Era el año anterior a la muerte de Tommaso. El verano de mis veinticinco años, en Pedrara, durante las vacaciones estivales. Tommaso se había quedado en Roma por compromisos de trabajo. Había sido nombrado embajador en el Vaticano, un cargo importante y en absoluto grato: él habría deseado volver a África, a pesar de que no fuera la mejor sede para los estudios de sus hijos, y no le había sentado bien. La atmósfera en casa era muy tensa.
No veía a mis padres desde que había acabado la carrera.
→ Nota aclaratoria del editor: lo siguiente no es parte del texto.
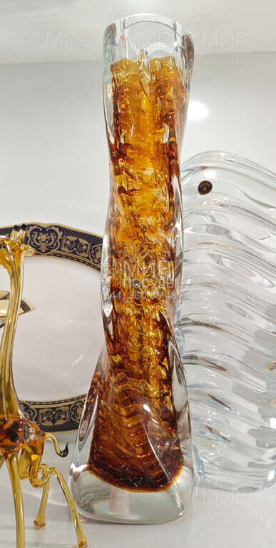 Ваза від чеського виробника виготовлена зі скла. Крім витончено закрученої форми, ваза має чудовий бурштиновий колір, що перетворює виріб на елегантну прикрасу інтер'єру. Товсті стінки вази роблять її масивною, що надає інтер'єру пишності та ошатності.

Estar en Pedrara despertaba de nuevo en mí el deseo de encontrarme con ellos; la imposibilidad de realizarlo, a pesar de que estuviéramos cerca, me martirizaba. Intentaba consolarme concentrándome en mí mismo. Corría, hacía ejercicios para mantenerme en forma e iba a sitios perdidos a bañarme desnudo, por vanidad: quería un bronceado integral.
Acudía a menudo a un punto donde el río había formado una poza estrecha y profunda, ideal para lanzarme desde una columna de roca que servía de trampolín. Me excitaba la posibilidad de que alguien me viera. Y el riesgo del salto: un error, y me estrellaría contra las piedras.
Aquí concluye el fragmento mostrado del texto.